下面创建的示例数据表“ Inventory_test”:
NestCount2 <- c(
"1","1","1","1","1","1","1","1","2","2","3","3","3","3","3","3",
"3","3","3","4","4","4","5","5","5","5","5","5","5","5","5","6",
"6","6","6","6","6","6","6","6","",""
)
Part2 <- c(
"Shroud","Shroud","Shroud","Shroud","Shroud","Shroud","Shroud",
"Shroud","S1Nozzle","S1Nozzle","Shroud","Shroud","Shroud","Shroud",
"Shroud","Shroud","Shroud","Shroud","Shroud","S2Nozzle","S2Nozzle",
"S2Nozzle","Shroud","Shroud","Shroud","Shroud","Shroud","Shroud",
"Shroud","Shroud","Shroud","Shroud","Shroud","Shroud","Shroud",
"Shroud","Shroud","Shroud","Shroud","Shroud","*","*"
)
Inventory_test <- data.table(data.frame(NestCount2,Part2))
# Methods already tried (have basically exact same performance using profiler):
ptcts <- table(unique(Inventory_test[,c("Part2","NestCount2")])$Part2)
ptcts2 <- Inventory_test[, .(count = uniqueN(NestCount2)), by = Part2]$count
我已经注意到(使用Rstudio分析器),ptcts
行的大约一半时间只是索引Inventory_test[,c("Part2","NestCount2")]

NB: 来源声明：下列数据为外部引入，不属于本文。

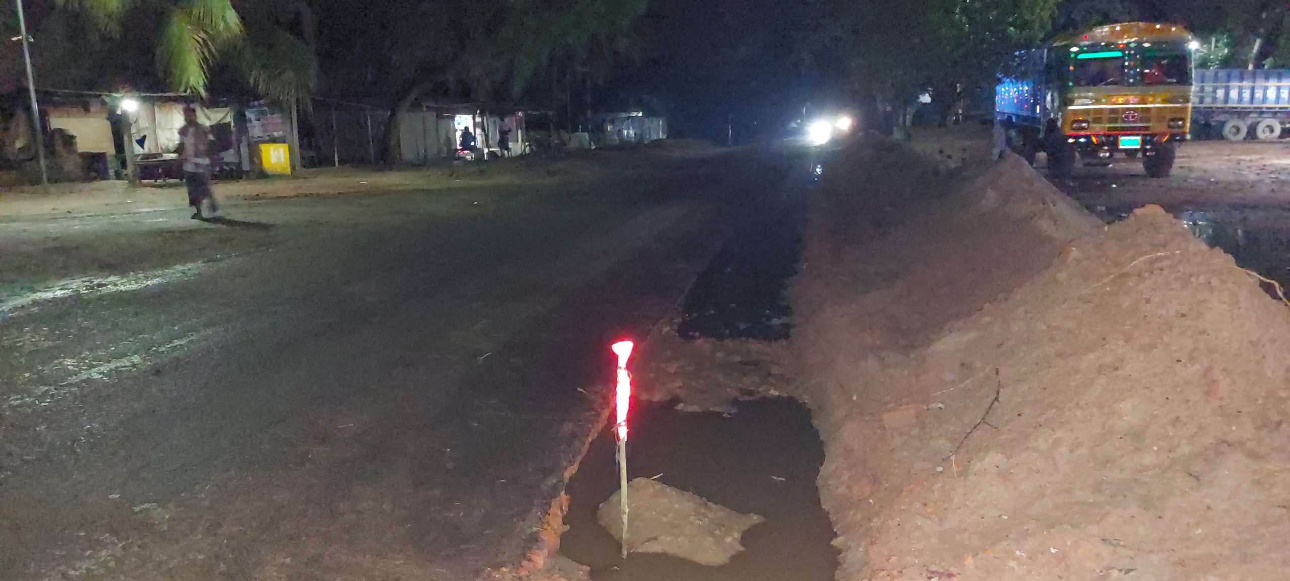 সরেজমিনে দেখা যায়, কোন রকম প্রতিরোধমূলক ব্যবস্থা না রেখেই সারাদিনরাত শ শ যানবাহন চলাচলকারী এ সড়কের দু’ধারে গর্ত খুঁড়ে রাখা হয়েছে। প্রতিরোধক হিসেবে গর্তের ধারে চারটি করে ইট ব্যবহার করা হচ্ছে। সতর্ক করার জন্যে বাঁশের লাঠির মাথায় লালটেপ জড়িয়ে কয়েক জায়গায় পুঁতে রাখা হয়েছে। তবে সড়কের কিছু অংশ ইটবালি মিশিয়ে ভরাট করলেও অন্য অংশে গর্ত রয়েই গেছে। রাতে সড়ক বাতি না থাকায় পুরো সড়ক অন্ধকারে নিমজ্জিত থাকছে। বৃষ্টি আর কাদা ও সড়কের দু’ধারের গর্তের কারণে এ সড়ক দিয়ে চলাচল ঝুঁকিপূর্ণ হয়ে গেছে। যে কোন মুহূর্তে দ্রুতগতির যানবাহন নিয়ন্ত্রণ হারিয়ে গর্তে পড়ে গিয়ে ভয়াবহ দুর্ঘটনা ঘটতে পারে। লোকনাথপুর বাজারের কয়েকজন ব্যবসায়ী বলেন, বড় বড় গর্ত খুঁড়ে রাখায় সড়ক পার হয়ে খদ্দের আসতে না পারায় তারা ক্ষতিগ্রস্ত হচ্ছেন। তাছাড়া গর্তের কারণে আবাসিক এলাকার বাসিন্দারা অন্ধকারে নির্বিঘেœ চলাচল করতে পারছেন না।
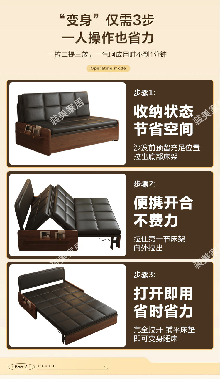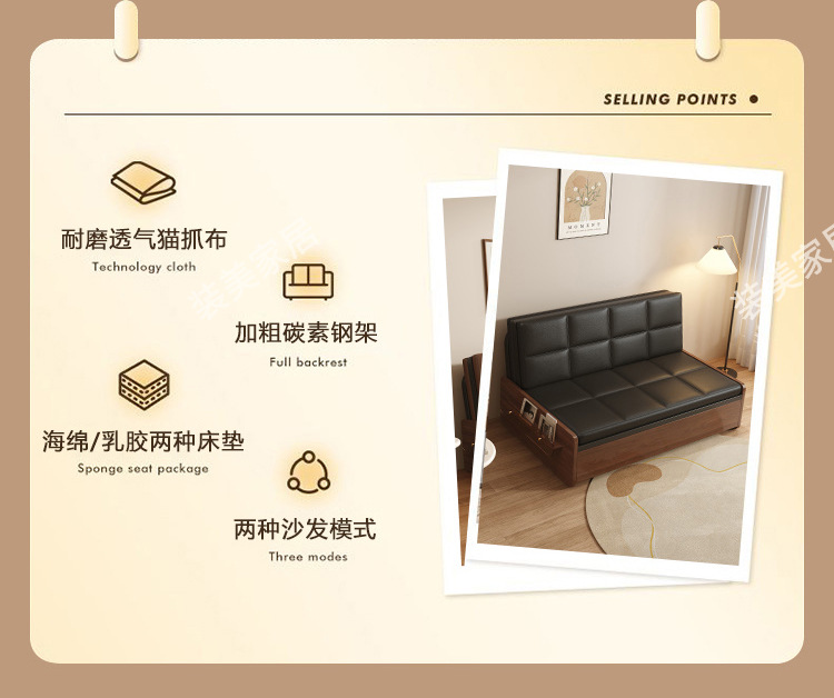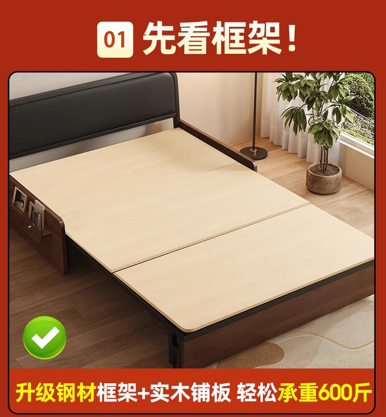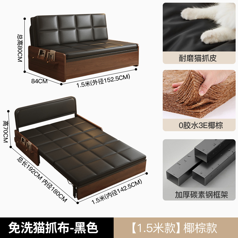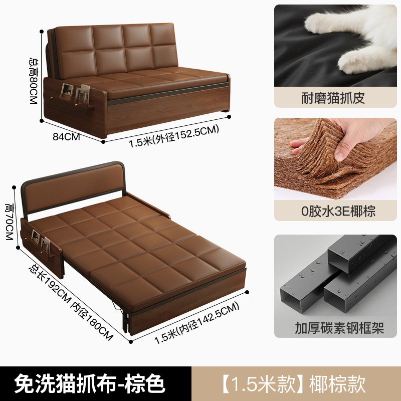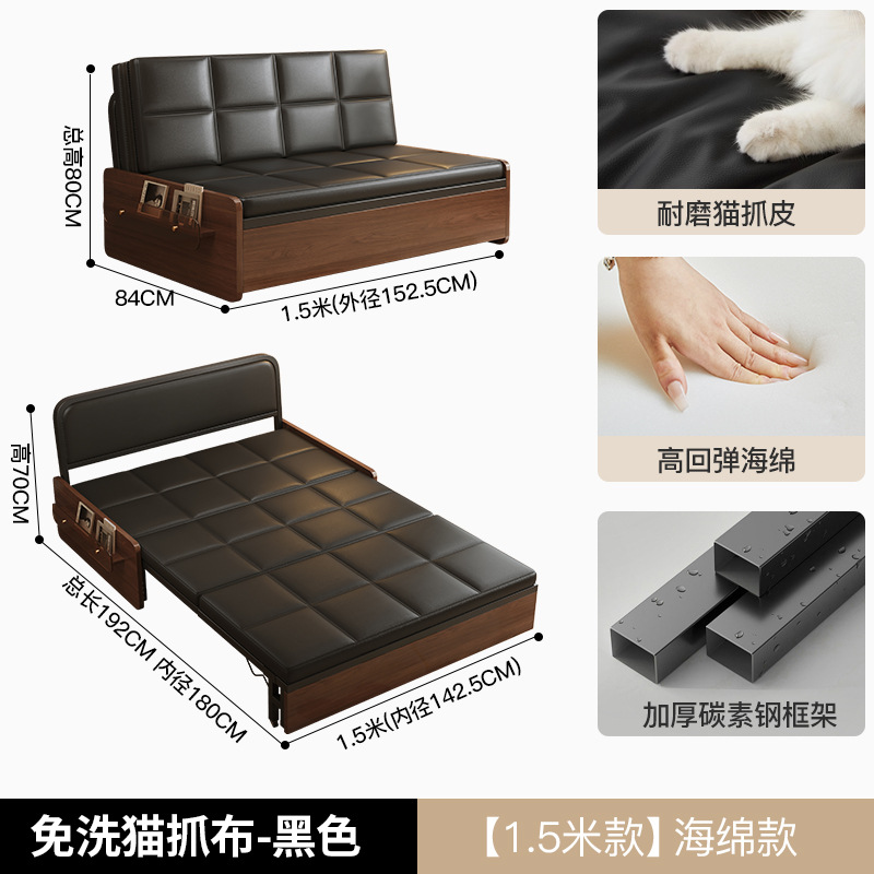 단단한 나무 접이식 소파 베드, 이중 목적, 가정용 소형 단일 개폐식 침대, 다기능 투인원 풀아웃 침대
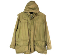 Vintage Barbour A5 Lined Durham Distressed Parka Hooded Jacket Tag: Barbour Durham Made in england Size stated Large measurements armpit 26. inches, Shoulder width 21 inches top of back collar to bottom 31.5 inches, Shoulder to end of sleeve 23 inches. condition: used vintage condition 7/10 , got holes ripped & the color has faded, (please refer photo) main colour : olive green (faded naturally) Additional: ●All Measurements were been measured flat on the floor. ●Please don't expect this item condition is 100% like new unless we have mention it. ●Please do not hesitate to contact us if you have any inquiries.Its our great pleasure to have conversation with customers. ●no return & refund if its do not meet your demand, please look carefully on details given. SHIPPING & HANDLING INFORMATION : # we shipped worldwide except ISRAEL. It's safe and you will be given tracking number for all item # we shipped items within 48 hours after receiving a cleared payment on Pay Pal (except for public holidays and weekends) and please do make sure your address is correct. # Please leave us your contact phone number, as the shipping company always need the phone number to help delivering. # we do offer combine shipping to save on postage cost. Do please contact us for combine postage after final purchases for combine shipping. Shipping cost: 1) DHL EXPRESS : $36 (ETA 3-5 DAYS TO ARRIVE) (PLEASE REQUEST IF THE ITEM NEEDED TO BE EXPEDITED - ADDITIONAL COST REQUIRED;, UNLESS, WE USED REGISTERED MAIL SERVICE ) 2) REGISTERED MAIL INTERNATIONAL SERVICE : $20 (ETA 14-21 DAYS TO ARRIVE) Thank you very much for your visit
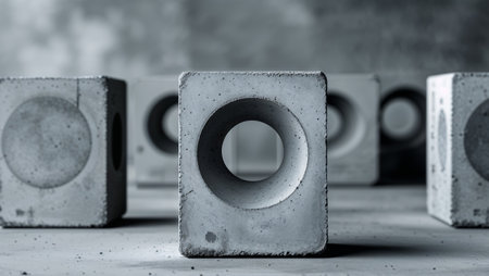 AI Generated. A series of concrete blocks with a square hole in the middle

的列。我一直在寻找更快的方法,但是没有找到任何:(。任何帮助将不胜感激!
答案 0 :(得分:0)
我运行了一些基准测试:到目前为止,看来最快的方法是不使用
完全by
,而只是table()
,而不是Inventory_test[, rowSums(table(Part2, NestCount2) > 0L)]
。
library(data.table)
library(microbenchmark)
library(ggplot2)
setkey(Inventory_test, Part2)
microbenchmark(
unit = "relative",
m1 = table(unique(Inventory_test[, c("Part2", "NestCount2")])$Part2),
m2 = Inventory_test[, .(count = uniqueN(NestCount2)), by = Part2]$count,
m3 = Inventory_test[, .N, by = .(Part2, NestCount2)][, .N, by = Part2],
m4 = Inventory_test[, uniqueN(NestCount2), by = Part2]$V1,
m5 = Inventory_test[, uniqueN(paste(Part2, NestCount2)), by = Part2],
m6 = Inventory_test[, length(unique(NestCount2)), Part2],
m7 = Inventory_test[, rowSums(table(Part2, NestCount2) > 0L)]
) -> mb
print(mb, digits = 3)
#> Unit: relative
#> expr min lq mean median uq max neval cld
#> m1 1.26 1.27 1.37 1.32 1.60 1.12 100 b
#> m2 1.28 1.18 1.29 1.16 1.20 5.93 100 b
#> m3 2.21 2.05 2.14 1.98 2.10 3.92 100 c
#> m4 1.25 1.16 1.23 1.14 1.16 3.97 100 ab
#> m5 1.34 1.23 1.28 1.22 1.18 4.27 100 ab
#> m6 1.48 1.37 1.35 1.33 1.35 1.18 100 b
#> m7 1.00 1.00 1.00 1.00 1.00 1.00 100 a
autoplot(mb)
由reprex package(v0.2.0.9000)于2018-07-27创建。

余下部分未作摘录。